Milyonlarca özel dal çalışanını yakından ilgilendiren bir karara imza atan Yargıtay, İş Kanunu’ndaki amir karara nazaran iş arama müsaadesinden yararlanma çalışanın isteği kuralına bağlı tutulmadığına hükmetti. Yüksek mahkeme; talep bulunmasa da personele iş arama müsaadesi verilmesi gerektiğine, patronun bu hususta bir taktir hakkına sahip olmadığına hükmetti.

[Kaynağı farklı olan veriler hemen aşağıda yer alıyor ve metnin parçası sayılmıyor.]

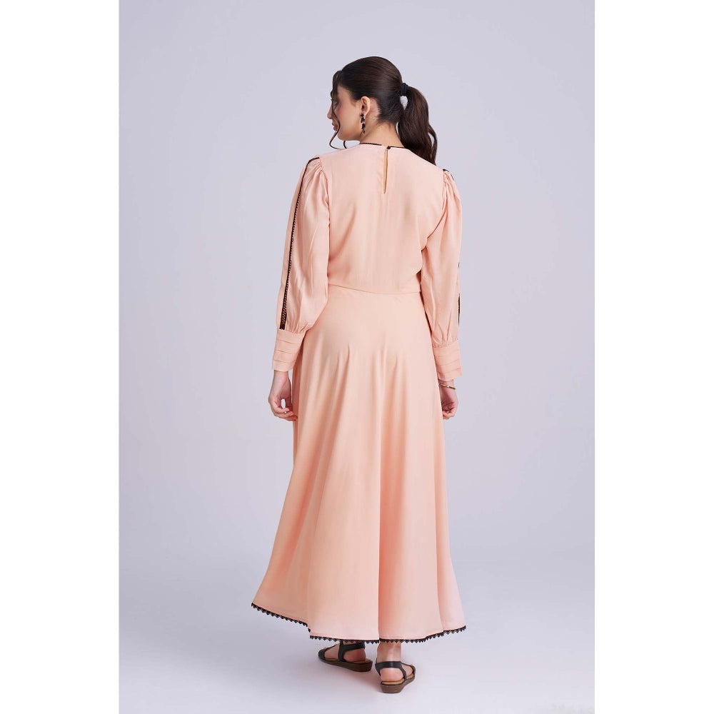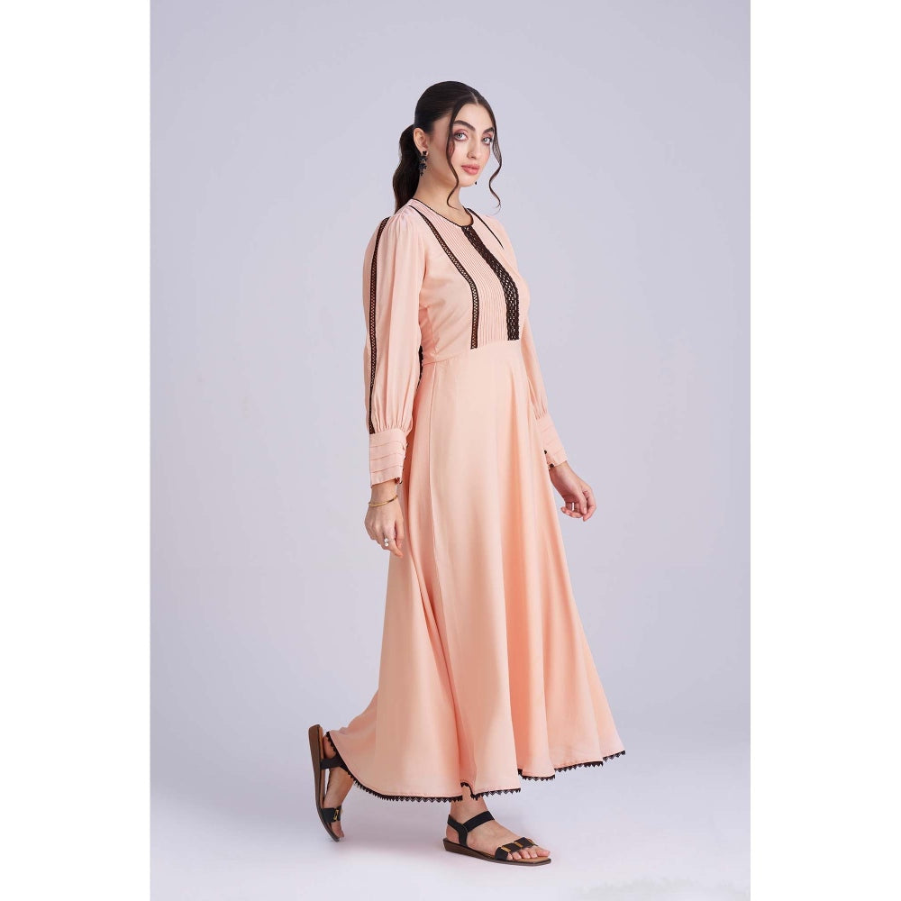 Description : This Peach Georgette Maxi Dress Features Elegant Full Sleeves And Delicate Black Lace Inserts On The Bodice For A Striking Contrast. The Umbrella Flare Skirt Adds Graceful Movement, Making It A Perfect Blend Of Charm And Sophistication.

İş Mahkemesi’ne başvuran bir personel, kıdemi 5 yıldan fazla olan personelin ihbar önelinin 22 hafta olduğu ve ihbar öneli içerisinde patronun her gün günde 4 saat iş arama müsaadesi vermek mecburiyetinde olduğunun düzenlendiğini bildirdi. İş arama müsaadesi kullandırılmadan çalıştırıldığını belirten davacı emekçi, iş arama müsaadelerine ait fiyatın yüzde 100 artırımlı olarak ödenmesi gerektiğini ileri sürerek iş arama müsaadesi alacağının faiziyle davalıdan tahsilini talep etti. Davalı şirket, argümanları reddetti. Mahkeme, emekçiyi haklı buldu. Yargıtay 22. Hukuk Dariesi kararı bozdu. Tekrar yapılan yargılamada İş Mahkemesi, birinci kararında direndi. Bu kere evrak Yargıtay Hukuk Genel Şurası’na taşındı.
Kurul, adeta manifesto niteliğinde bir karara imza attı. Patron tarafından iş arama müsaadesinin kullandırılmaması ya da eksik kullandırılması halinde emekçinin iş mukavelesini derhal fesih hakkı bulunduğu hatırlatıldı. Yeni iş arama müsaadesi ihbar öneli içindeki çalışılan günler için kelam konusu olduğu vurgulandı. Kararda şöyle denildi:
“Dolayısıyla hafta tatili, ulusal bayram genel tatil günleri üzere çalışılmayan günler için patronun yeni iş arama müsaadesi vermesi ya da bu müddetlerde dahil olacak biçimde iş arama müsaadesi alacağı hesaplaması kelam konusu olmaz. Hasebiyle bu borç şahsen Kanundan kaynaklanmakta olup çalışanın patrondan iş arama müsaade isteğinde bulunması gerekmediği üzere müsaade istenmesi halinde de patronun kabul edip etmeme yetkisi bulunmamaktadır. Hususun ikinci ve üçüncü fıkralarında düzenlendiği üzere çalışanın talebi yalnızca müsaadenin kullanılma biçimi ve vakti istikametinden dikkate alınması gereken bir kuraldır. Davacının iş arama müsaadesini kullanmadığı ihbar müddetince davalı işyerinde tam gün mesai ile çalıştığı ise sabittir. Hakikaten de İş Kanunundaki amir karara nazaran iş arama müsaadesinden yararlanma çalışanın isteği şartına bağlı tutulmamıştır. Talep bulunmasa da personele iş arama müsaadesi verilmesi zarurî olup patron bu bahiste bir taktir hakkına sahip değildir. Somut olayda olduğu üzere davalı patron tarafından iş arama müsaadesinin kullanılması için yapılan bildirimler de patronu bu yükümlülükten kurtarmaz. Patronun müsaade verildiğini belirttiği gün ve saatlerde çalışılmak istenmesi durumunda çalışana iş verilmemesi gerekir. Ayrıyeten davacı emekçi bildirimlere yaptığı itirazında feshin yasaya ve işyeri uygulamasına alışılmamış olduğunu belirtmiş olup iş arama müsaadesini kullanmayı kabul etmediği istikametinde bir beyan yahut bir itiraz ileri sürmemiştir. Bu sebeple müsaadenin kullandırılması gerekirken çalıştırılan davacıya müsaade kullanmaksızın alacağı fiyata ilaveten çalıştırıldığı mühletin fiyatı de yüzde yüz artırımlı ödenmelidir. Bu sebeple emredici düzenleme gereği müsaadenin kullandırılmasının mecburî olduğunun kabulü ile alacağın karar altına alınması gerektiğini karara bağlayan direnme kararında bir isabetsizlik bulunmamaktadır.”